Symptoms of leptospirosis
The clinical picture of leptospirosis is sometimes not specific and leaves the disease under the guise of other diseases. It is important to consider historical data. In most cases of leptospirosis patients had history of contact with water of stagnant water or stay in the wild.
The symptoms of leptospirosis are following:
Incubation period. Lasts from one to two weeks after the initial contact with the pathogen. At this time, the symptoms are not marked;
Fever. Occurs with the first release of young of Leptospira from affected organs. Each subsequent cycle of reproduction is accompanied by an increase in temperature. So leptospirosa fever is intermittirutaya the nature of the temperature jumps up to 39-40%;
Muscle pain. Intense, is more pronounced in those groups of muscles that are subjected to high loads (calves, thighs);
Yellowness of the skin and sclera. Appears in almost all cases of leptospirosis in the early stages of the disease. This feature leads to frequent diagnostic errors when leptospirosis is perceived for hepatitis. Do not forget about the existence of Busselton forms of the disease;
Skin rashes. Presents hemorrhagic elements and hemorrhages across the entire surface of the skin, sclera and conjunctiva, oropharyngeal cavity;
Damage to the kidneys. Manifested in the form of oligo-anuria (decrease in the number of daily urine with sufficient water consumption).
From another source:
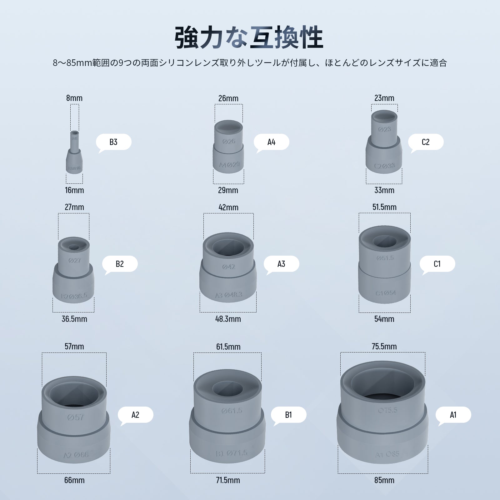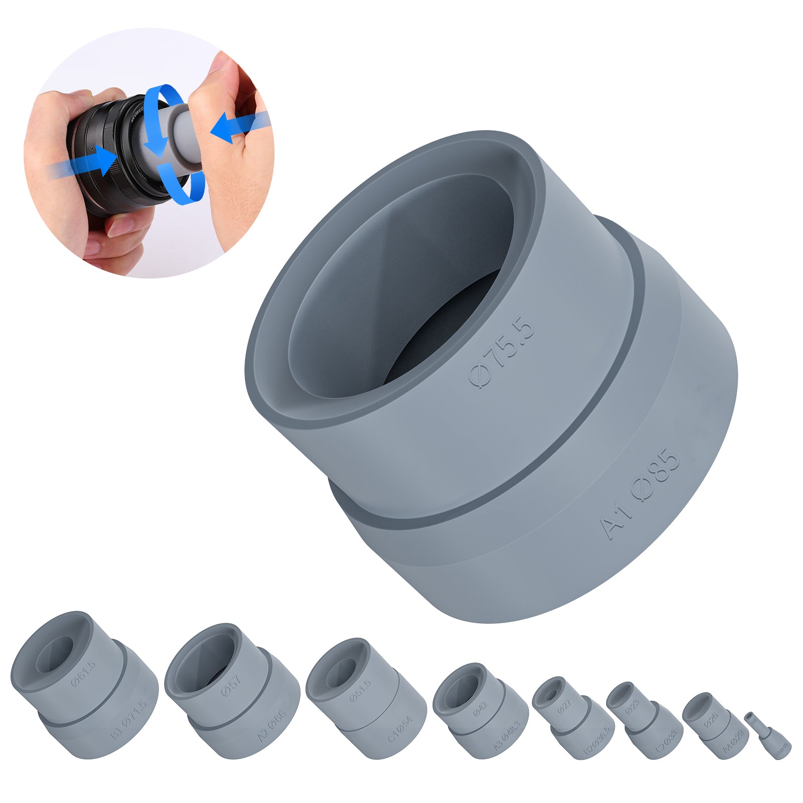- 【豊富なサイズバリエーション】キットは、直径8mmから83mmまでのシリコン摩擦リングを提供し、ほぼすべてのレンズサイズに対応します。8-16mm、23-33mm、26-29mm、27-36.5mm、42-48.3mm、51-54mm、57-66mm、61.5-71.5mm、75.5-85mmが含まれます。

Oligoanuria the occurrence of leptospirosis is a critical symptom of the disease. Its existence for more than 5 days in almost all cases are fatal.
Treatment of leptospirosis in humans
Correct diagnosis of leptospirosis in early stages of the disease is one of the main criteria of success of the treatment. It includes:
The introduction of specific protivomoroznyh sera (hyperimmune Gama-globulin). It is desirable that it was a donor human drugs, not animal origin;
Antibacterial therapy. Carried drugs, which Leptospira are sensitive most (Augmentin, Ceftriaxone, tetracycline, amikacin);
The detoxication therapy. Reduce the symptoms of intoxication could be achieved by infusion of colloids and crystalloids, vitamins (ascorbic acid, cocarboxylase, vitamins B2 and B12, menadione);
Struggle with kidney failure. Require massive fluid therapy: saline solution, Trisol, ringer's solution, sodium bicarbonate, reosorbilakt, refortan. It is obligatory to fill diuretics in high dosage (lasix, furosemide, tripas), calcium chloride or gluconate, aminophylline;
Struggle with hemorrhagic syndrome and microcirculation disorders introduction kontrikala, low doses of glucocorticoid hormones (prednisone, dexamethasone), etamzilata and menadione.
Prevention of leptospirosis
Leptospirosis refers to dangerous diseases with high mortality, but specific preventive measures have not yet been developed. This is due to the fact that different strains of Leptospira different antigenic components. Therefore, to create a vaccine that would significantly protected from infection, is not possible.
To prevent the disease in this way:
The fight against small rodents. Necessarily held in houses, and particularly the objects of public catering, food warehouses and shops. Each representative of the number of animals can be a carrier leptospirosis infection;
To exclude or to limit bathing in ponds to natural conditions;
Use protective rubber suits if necessary, contact with infested water;
Emergency antibiotic prophylaxis with doxycycline after possible infection or the emergence of any manifestations of the symptoms of the prodromal period.